Несколько минут они лежали в полном молчании.

– Насчет моего отца, – наконец произнес Макс. – Чтобы закрыть эту тему окончательно.

– Ну?

– Он все ждет, когда я приведу к ним домой невесту для знакомства. Напрягается, почему я не женюсь. Задолбал уже.

– Приведи меня, – предложил Валентина, погладив мускулистую грудь Макса.

– Ага, – мрачно согласился парень. – Голого, с ошейником, с размазанным на заднице шоколадом. Отец будет в восторге. Тогда уж надо одновременно «Скорую» вызывать.

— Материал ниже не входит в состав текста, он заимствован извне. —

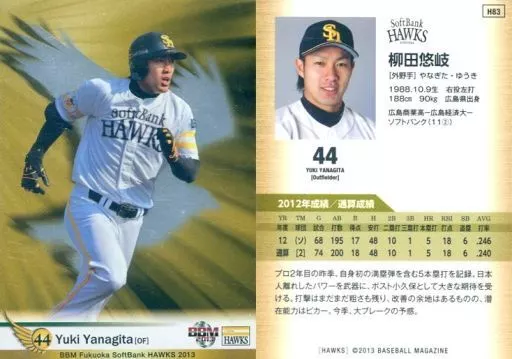 Nombre comercial en japonés: BBM/レギュラーカード/BBM2013 福岡ソフトバンクホークス H83 [レギュラーカード] : 柳田悠岐(パラレル版)
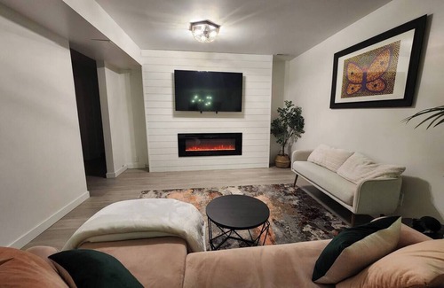 2-bed suite 10 mins from all attractions is located in Southwest Calgary. 2-bed suite 10 mins from all attractions provides accommodation, featuring Wellness Facilities, Fireplace/Heating, Kitchen, among other amenities. This House features Wellness Facilities, Fireplace/Heating, Kitchen, to make your stay a comfortable one.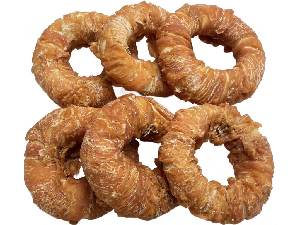 Donut z bielej byvolej kože obalený kuracím mäsom.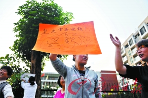 昨日下午4時,數(shù)10名家長聚集在了該幼兒園門口,部分心情激動的家長還打出了寫著“堅決反對漲價”和“退回多收學費”的牌子。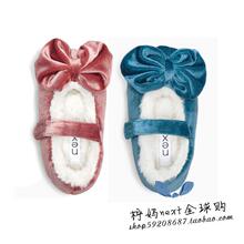 【现货】英国代购NEXT 16秋冬女宝女童天鹅绒蝴蝶结家居拖鞋 棉鞋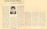 Cuentos de Isabel Allende [artículo] / Wellington Rojas Valdebenito. La Tribuna (Diario : Los Angeles, Chile)-- Mayo 25, 1990, página 3. 1 página : ilustraciones en blanco y negro ; 18,5 cm. .

Они захихикали, лаская друг друга.

– Ты сегодня какая-то другая, – неожиданно сказал Макс. Он приподнялся, внимательно глядя на любовника. – Что-то случилось?

Валентина кашлянул.

– Вот что значит привязанность, – дрогнувшим голосом проговорил он. – Ты мгновенно чувствуешь перемены во мне… Я тебе когда-нибудь рассказывала о своем старшем брате? Его звали Дима.

– Ты говорила, что он умер в детстве, – осторожно сказал Макс. – Но в нюансы не вдавалась. Это был несчастный случай?

Валентина долго молчал, словно еще раздумывая, стоит ли посвящать любовника в подробности смерти своего брата, затем все-таки заговорил:

– В те дни я только-только начала понимать, что со мной что-то не так. Мне уже исполнилось семь, но я чувствовала, что не такая, как остальные мальчики моего возраста. Пыталась поговорить об этом с Димой, но каждый раз в последний момент меня что-то останавливало. Наверное, я боялась разоблачения и реакции брата… Все-таки ему было уже двенадцать и он начинал обращать внимание на девчонок. Но как бы то ни было, я любила его. Он был сильным и крепким парнем. Если кто-то во дворе меня обижал, он тут же заступался, он никому не давал спуску…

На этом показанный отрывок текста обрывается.